◆ WHAT YOU ARE ASKED TO DO ◆
Return the data below exactly as given, except for the images.

[[ RECORDS FOR THIS TASK, beginning ]]

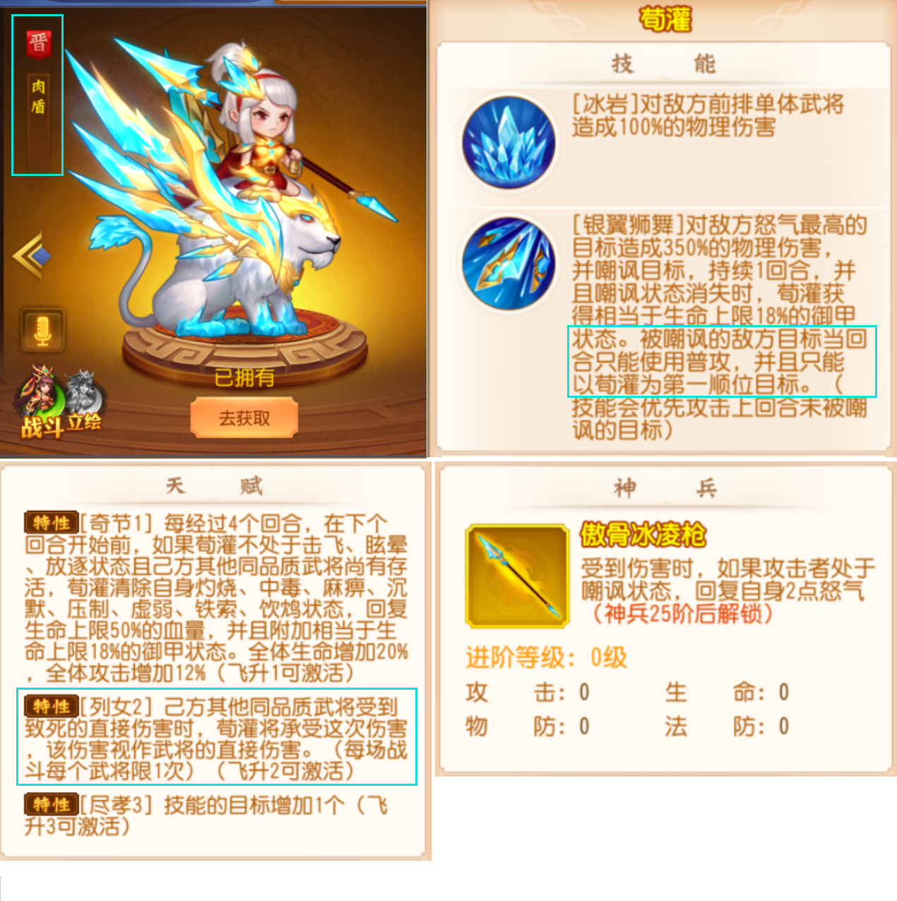 作为一个女性肉盾武将,荀灌带来了全新的控制效果“嘲讽”,嘲讽的效果就相当变相的沉默,让对手只能放普攻不能放技能,并且嘲讽还针对了怒气最高的目标,并且是没有概率限制必定会生效的控制效果,不会像王异的虚弱那样还得要魏国武将来加持;除了控制效果以外,荀灌作为肉盾武将的防御性也十分出色,飞升1的特性有着超高的稳定回血+状态清除能力,搭配破釜沉舟锦囊生存能力极强,只要不是遇到战力碾压,并且带有追魂特性的输出,荀灌都很难死掉!
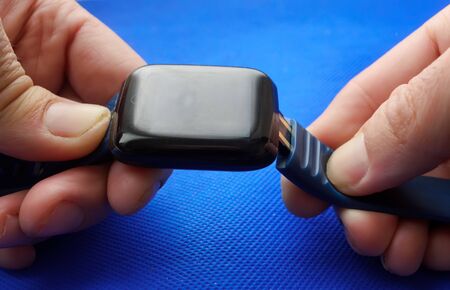 Man removes the silicone strap from the smart watch for charging on dark blue
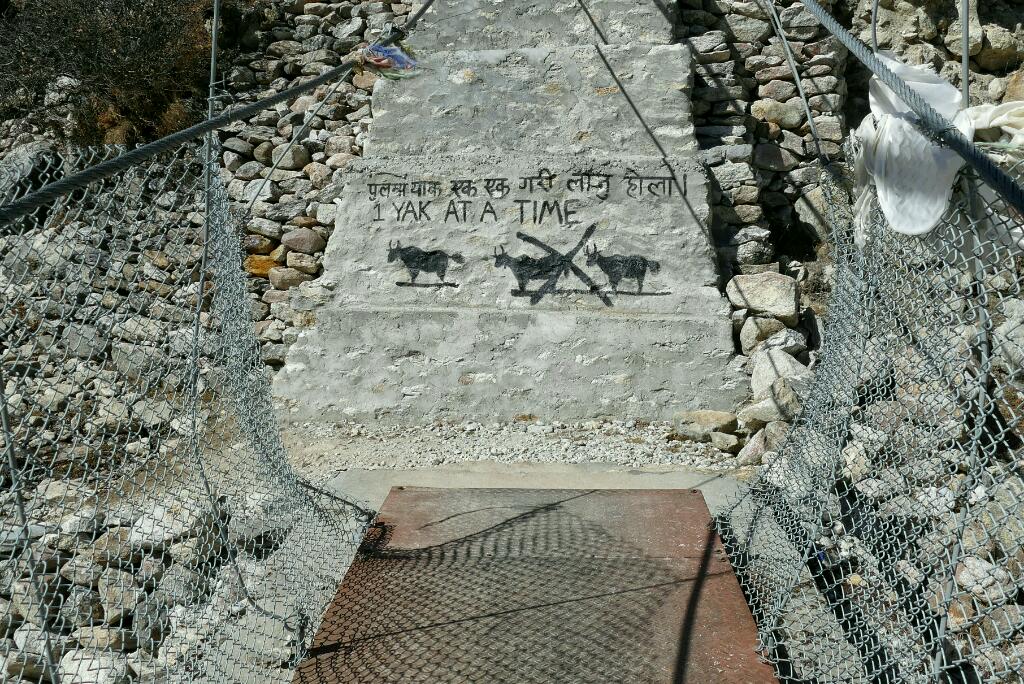 L’inscription qui figure sur une pierre nous fait sourire. Un yack à la fois seulement sur ce petit pont suspendu que nous pensons devoir emprunter!
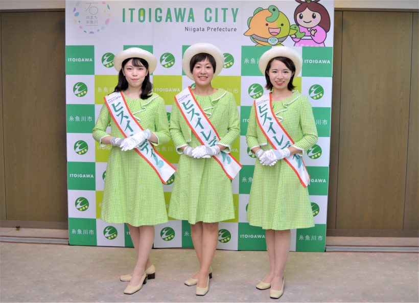 新潟県糸魚川市は31日、イベントやキャンペーンへ出向いて糸魚川市をPRする「糸魚川市観光大使ヒスイレディ」の令和3年度の新たな3人の認証式を糸魚川市役所で実施した。任期は2年で、年齢は今回から非公表となる。
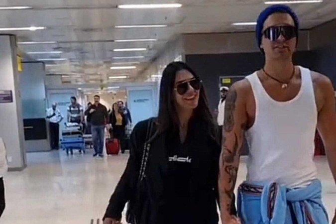 Essa é a primeira exposição pública do sertanejo com a influenciadora após reatarem o namoro. O casal estava no corredor do aeroporto quando os paparazzi encontraram os dois, que sem tentar esconder sorriram para as câmeras.
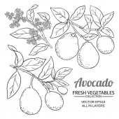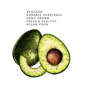 Ręcznie narysowana połowa i pokrojona awokado. Wektor kolorowe grawerowane ilustracji. Naturalne organiczne warzywa. Zdrowy składnik żywności. Do gotowania, projektowania opakowań kosmetycznych, ziół leczniczych, leczenia, opieki zdrowotnej
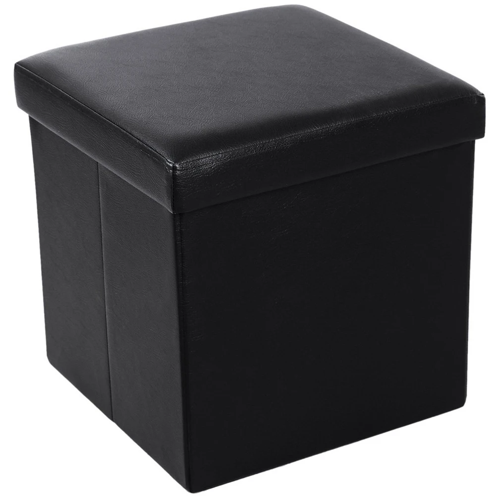 Practical Square Shape Footstool Black Leather Waterproof Easy Move for Children Adults Fishing Household Supplies
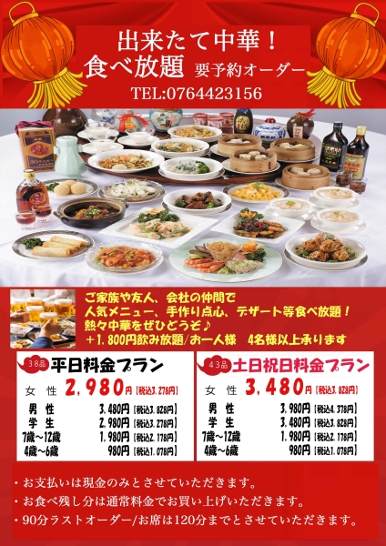 中華出来たて食べ放題コース3278円〜 予約を承ります。
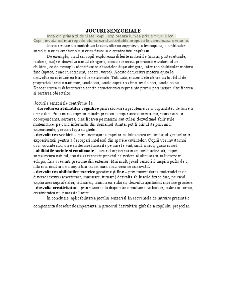 dezvoltarea si intarirea traseelor neuronale. Totodata, materialele atinse au tot felul de

[[ RECORDS FOR THIS TASK, end ]]

◆ SOLUTION ◆
 作为一个女性肉盾武将,荀灌带来了全新的控制效果“嘲讽”,嘲讽的效果就相当变相的沉默,让对手只能放普攻不能放技能,并且嘲讽还针对了怒气最高的目标,并且是没有概率限制必定会生效的控制效果,不会像王异的虚弱那样还得要魏国武将来加持;除了控制效果以外,荀灌作为肉盾武将的防御性也十分出色,飞升1的特性有着超高的稳定回血+状态清除能力,搭配破釜沉舟锦囊生存能力极强,只要不是遇到战力碾压,并且带有追魂特性的输出,荀灌都很难死掉!
 Man removes the silicone strap from the smart watch for charging on dark blue
 L’inscription qui figure sur une pierre nous fait sourire. Un yack à la fois seulement sur ce petit pont suspendu que nous pensons devoir emprunter!
 新潟県糸魚川市は31日、イベントやキャンペーンへ出向いて糸魚川市をPRする「糸魚川市観光大使ヒスイレディ」の令和3年度の新たな3人の認証式を糸魚川市役所で実施した。任期は2年で、年齢は今回から非公表となる。
 Essa é a primeira exposição pública do sertanejo com a influenciadora após reatarem o namoro. O casal estava no corredor do aeroporto quando os paparazzi encontraram os dois, que sem tentar esconder sorriram para as câmeras.
 Ręcznie narysowana połowa i pokrojona awokado. Wektor kolorowe grawerowane ilustracji. Naturalne organiczne warzywa. Zdrowy składnik żywności. Do gotowania, projektowania opakowań kosmetycznych, ziół leczniczych, leczenia, opieki zdrowotnej
 Practical Square Shape Footstool Black Leather Waterproof Easy Move for Children Adults Fishing Household Supplies
 中華出来たて食べ放題コース3278円〜 予約を承ります。
 dezvoltarea si intarirea traseelor neuronale. Totodata, materialele atinse au tot felul de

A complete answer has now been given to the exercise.